None of the three women could argue with that.
Chapter 18
Julie proved to be Julie Duncan and beyond Cavanaugh’s reach. On a visit to her Bakersfield home, Cavanaugh learned that her husband was a paraplegic confined to a wheelchair, while Julie herself had died several months before of a drug overdose.
John Duncan was a figure who evoked Cavanaugh’s deepest sympathies. He was a broken man. He told Cavanaugh of the reluctance he had had in inflicting his condition on someone as vibrant as Julie, had even admitted that he hadn’t faulted her for seeking pleasure elsewhere. His biggest mistake, he said, had been in assuming Julie had been stronger than she was. Having an abortion had been her own decision. He would have had the baby since he wasn’t able to father one himself, but Julie hadn’t wanted the added responsibility. Unfortunately, the abortion had gone against her deeply ingrained religious principles, which after the fact had torn her apart, as had, apparently, the dual life she had led.
If Duncan blamed anyone for his wife’s demise it was himself. Though Cavanaugh had every intention of checking it out, his cop’s instinct told him that the man was not mentally, much less physically capable of murder.
Well apart from Duncan, there remained a niggling in the back of Cavanaugh’s mind. An elusive instinct told him that the clue to the murders was within his grasp, but he couldn’t seem to close in on it. What he did close in on was the rest of the tapes Mark had made. He brought them back east with him and stopped in New York for an exclusive viewing with Jordan, who was more than grateful to feel that he was doing something with potential relevance to his case.
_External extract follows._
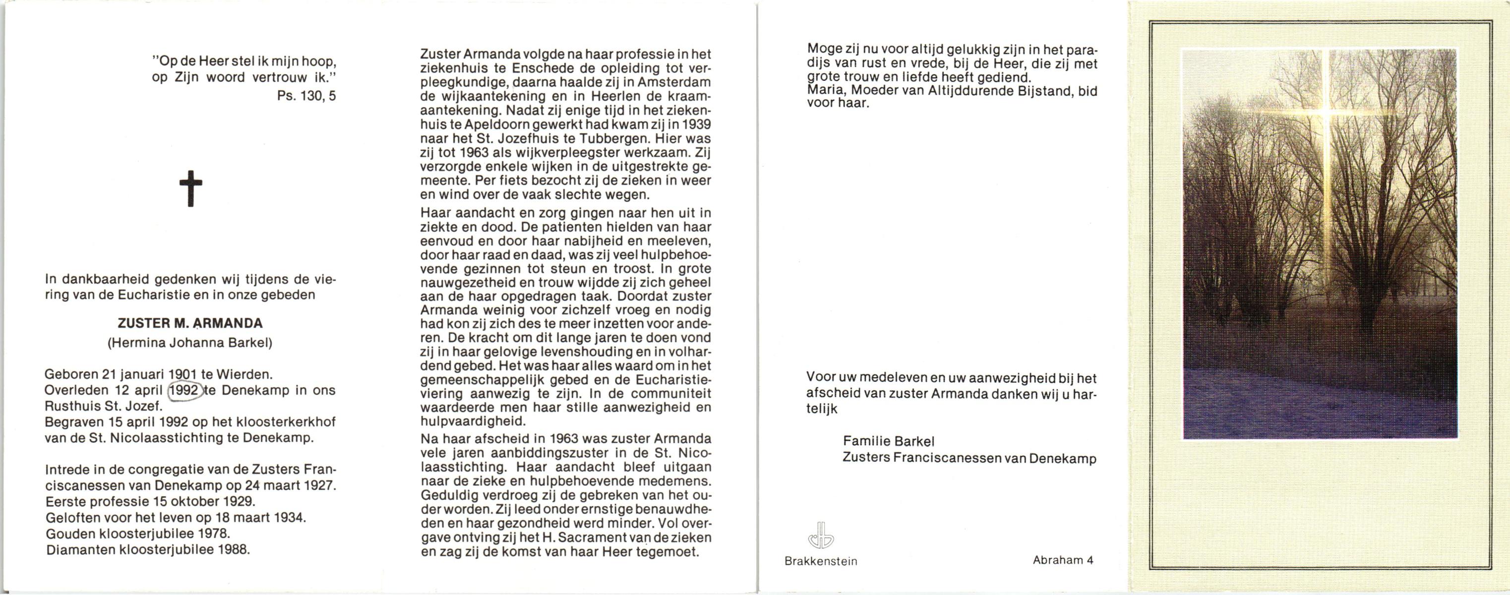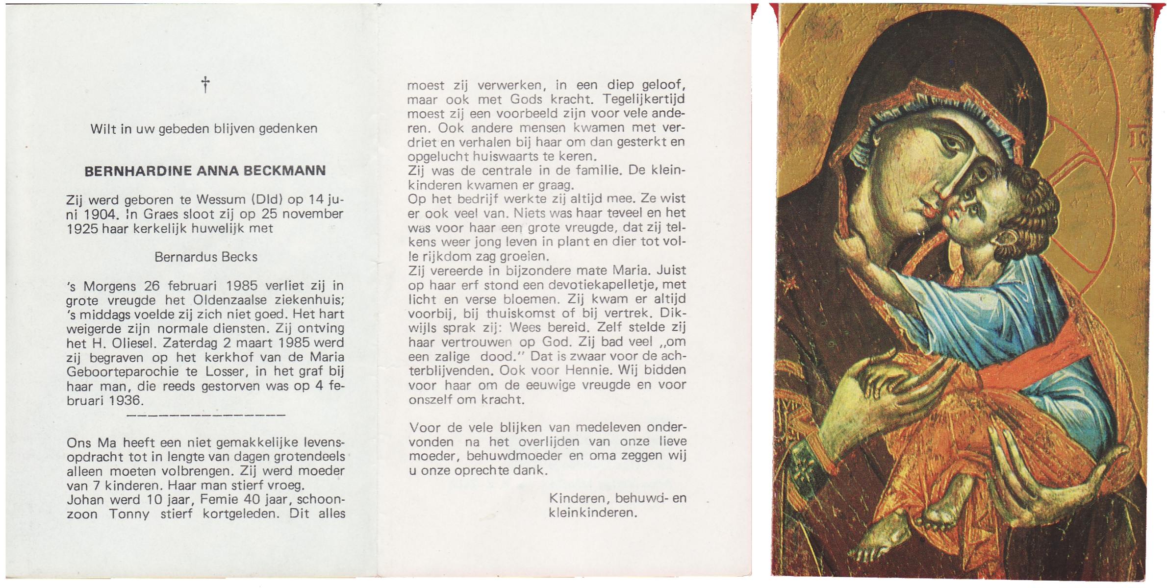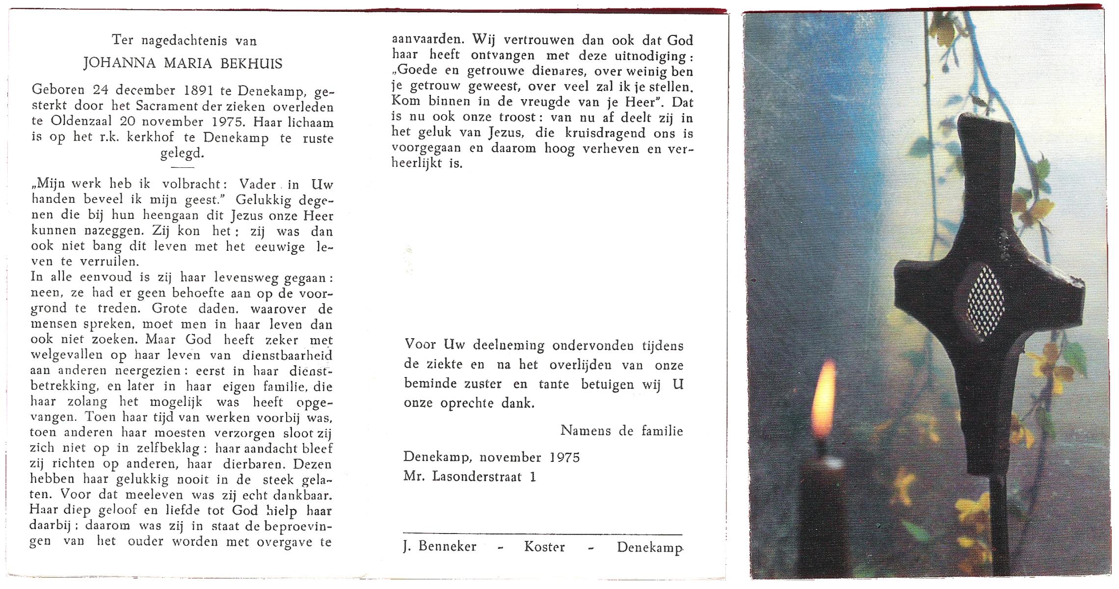 BEKHUIS, Johanna Maria, geboren op 24-12-1891 te Denekamp, overleden op 20-11-1975 te Oldenzaal op 84-jarige leeftijd, begraven te Denekamp.

“Just watch,” Cavanaugh said quietly as the first of the pictures appeared on the VCR. “See if anything strikes you. Anything at all.”
So they watched. Katia joined them after a time, and though Jordan was ashamed enough of what his brother had done to want to send her away, he couldn’t. He felt guilty about the spurts of moodiness that had made him difficult to be with of late, and selfishly, he took comfort having her by his side.